Edythe Wright (August 16, 1916 – October 27, 1965) was an American singer who performed from 1935 to 1939 with the band led by Tommy Dorsey.

==Early life==
Wright grew up in Highland Park, New Jersey.

== Early career ==
Wright debuted on radio in March 1935, singing with Paul Whiteman's Rhythm Trio. That performance led to her becoming the singer in the Sunset Room of the Robert Treat Hotel in Newark, New Jersey. By the end of that month, she was also singing "7 to 10 presentations a week" on WOR radio. She sang with Frank Crum's orchestra in the Sunset Room and later performed with Lennie Hayton's orchestra. In May 1935, while singing with Crum's orchestra, she made six recordings for Brunswick Records.

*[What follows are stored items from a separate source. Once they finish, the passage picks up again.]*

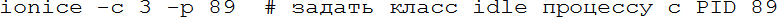 Кроме очереди на ресурсы процессора есть очередь к ресурсам жёстких дисков, несколько процессов могут одновременно читать-писать, и их запросы будут конкурировать. В этой очереди тоже есть приоритет, им управляет команда ionice. Есть три класса приоритетов – idle (выполнять запрос, если больше никого в очереди нет), best effort (нормальная очередь) и real time (запрос должен быть выполнен за заданное время). Внутри классов, кроме idle, есть собственные приоритеты, но в наших задачах можно ограничиться назначением класса idle процессу, занимающему много времени на дисковых операциях, но не приоритетному:
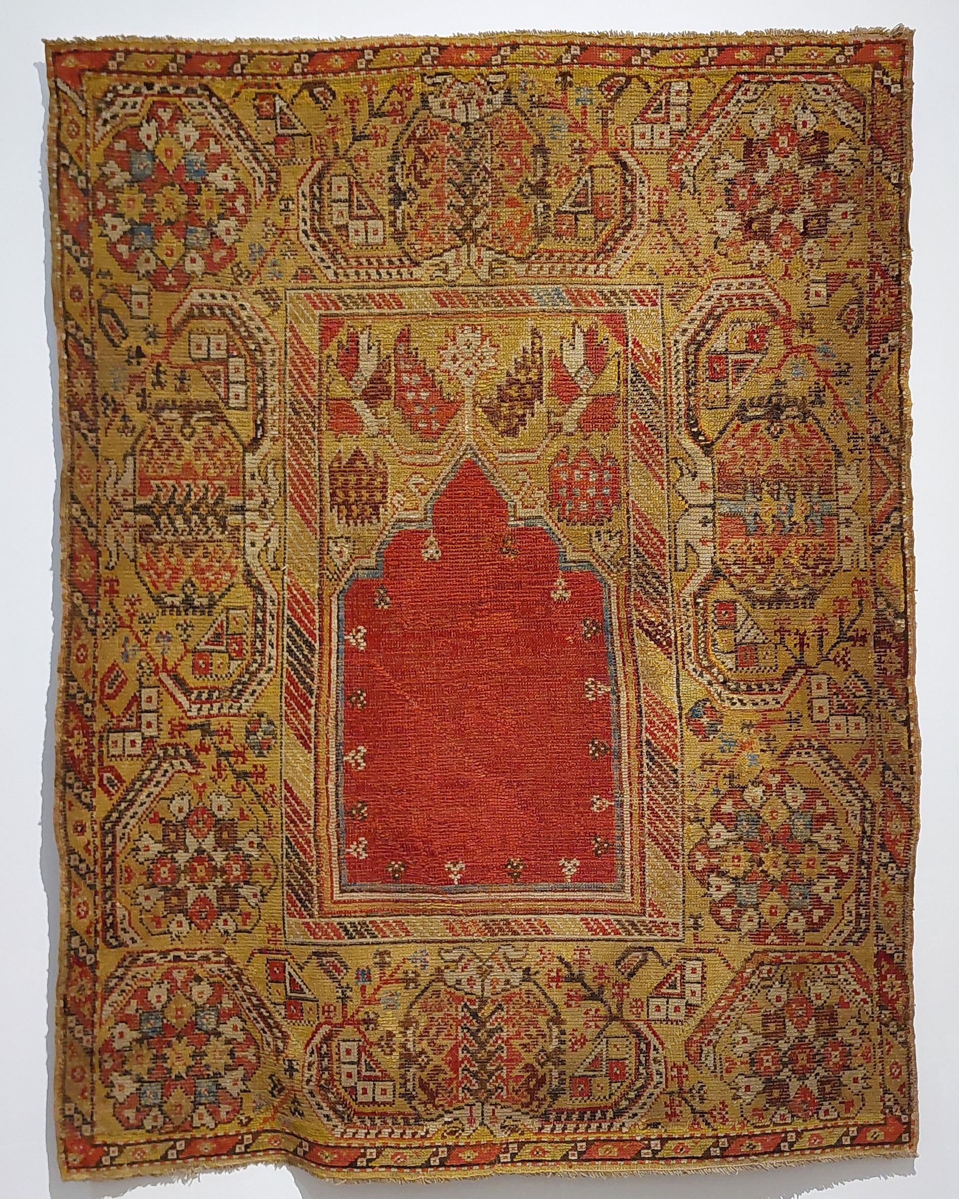 Erwin Kessler, directorul MNAR, dezvăluie despre expoziție: “Covoarele anatoliene sunt numite covoare de Transilvania încă din secolul al XVI-lea, pentru că ele treceau spre Europa de Vest prin Transilvania. Sunt covoare pe care le-ai memorat deja din tablourile lui Vermeer, lui Caravaggio, unde sunt așezate pe bănci, pe mese, pentru a arăta frumusețea, bogăția celui care le deține și într-un fel dragostea pentru frumos.
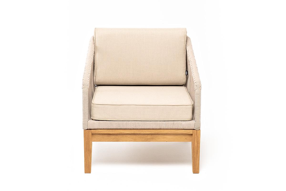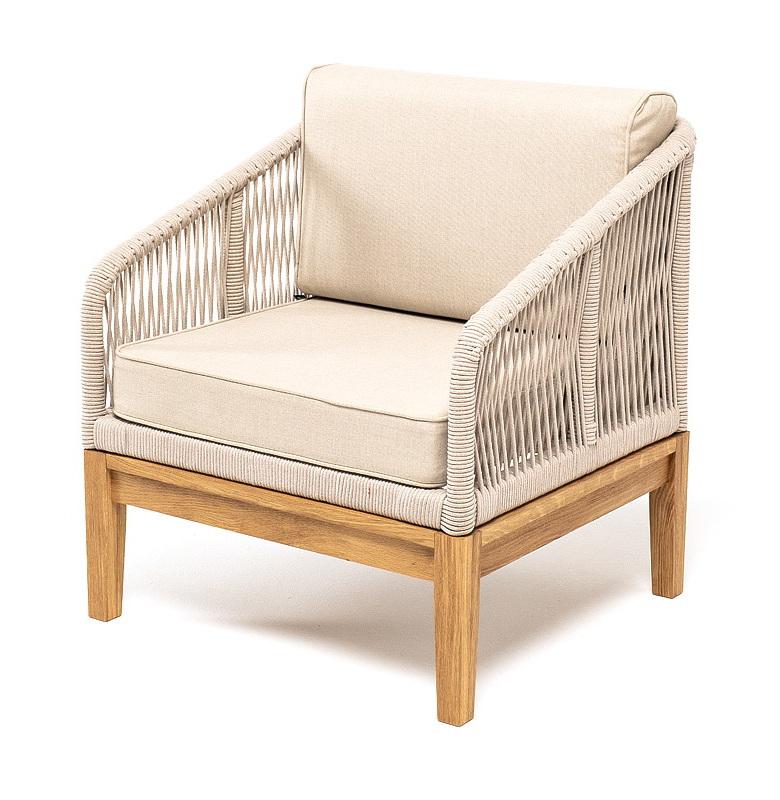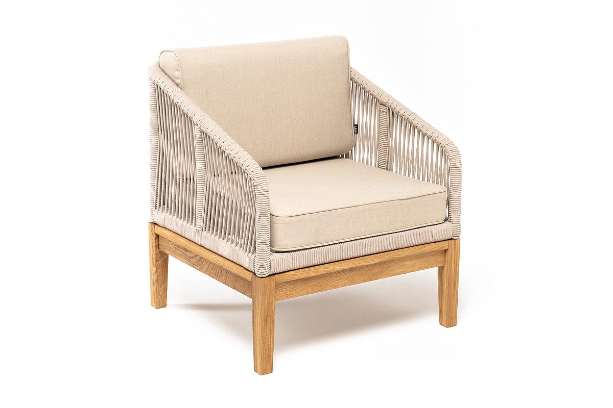Кресло 4SIS "Канны" кресло плетеное из роупа, основание дуб, роуп бежевый круглый, ткань бежевая 15052 арт. KAN-A-T002 beige(beige15052)
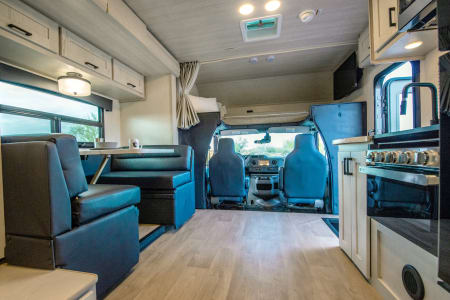 The Nexus Triumph 24TS is packed with features that make even the most discerning traveler swoon. The sleek exterior and aerodynamic profile compliment the functional interior: a spacious bathroom, queen sized bed, an over- the -cab bunk for the kids or extra guests, a spacious banquette dining area, a roomy kitchen, high-end finishes throughout and huge storage compartments. From its spacious living area and fully equipped kitchen to its comfortable sleeping quarters and spa-like bathroom, this motorhome has everything you need to live the life of luxury on the road.
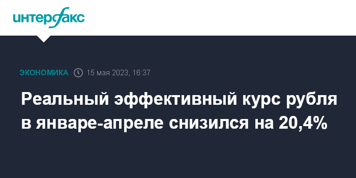 В январе-апреле 2023 года реальный эффективный курс рубля снизился на 20,4%.
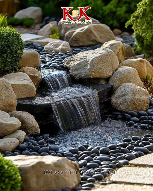 - Cây xanh, thác nước nhỏ, tiểu cảnh đá để tạo không gian tự nhiên mềm mại
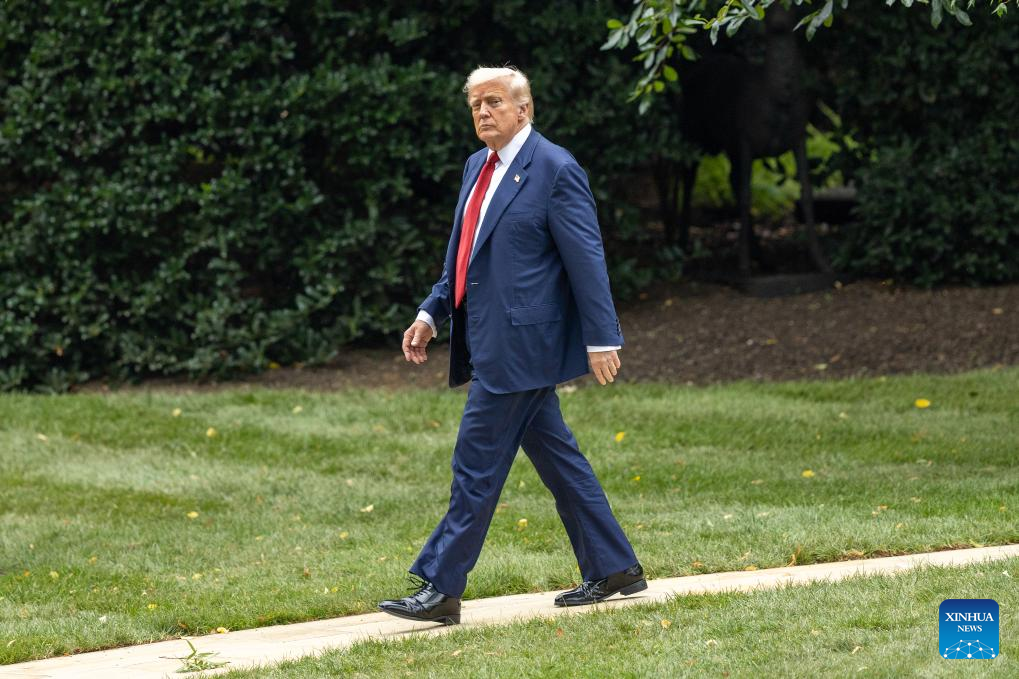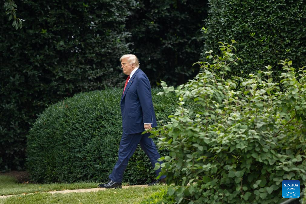 U.S. President Donald Trump walks to the South Lawn of the White House in Washington, D.C., the United States, on Aug. 1, 2025. U.S. President Donald Trump on Friday announced that he has ordered the firing of Erika McEntarfer, commissioner of the Bureau of Labor Statistics (BLS), accusing her of manipulating data for political purposes. (Xinhua/Hu Yousong)

Wright's early exposure on network radio came via appearances with the orchestras of Frank Dailey and Joe Haymes. She won the job with Dailey out of 500 women who auditioned, enabling her to be heard six nights a week on CBS. Her network debut came on August 31, 1935, when she sang with Dailey's orchestra from the Meadowbrook Ballroom in Cedar Grove, New Jersey.

==Big Band era==
Wright became the first female singer with Dorsey's band after he left the Dorsey Brothers Orchestra to start his own group. Her career spanned from September 1935 through August 1939.

Wright's acquaintance with an executive at Brown & Williamson tobacco company helped to secure a radio program for the Dorsey band. She was a fixture on radio (Jack Pearl Show).

==Post-Dorsey era==
After Wright left Dorsey's group, she had a solo singing act. In September 1940, she was joined by Ruth Lowe, forming a new act that debuted in Boston, Massachusetts. In 1943, she starred on Victory Caravan, a variety show on radio station WIP in Philadelphia, Pennsylvania.

== Personal life ==
She married John T. Smith. They had a son, Patrick.

== Death ==
Wright died of pancreatic cancer at the Point Pleasant Hospital on October 27, 1965.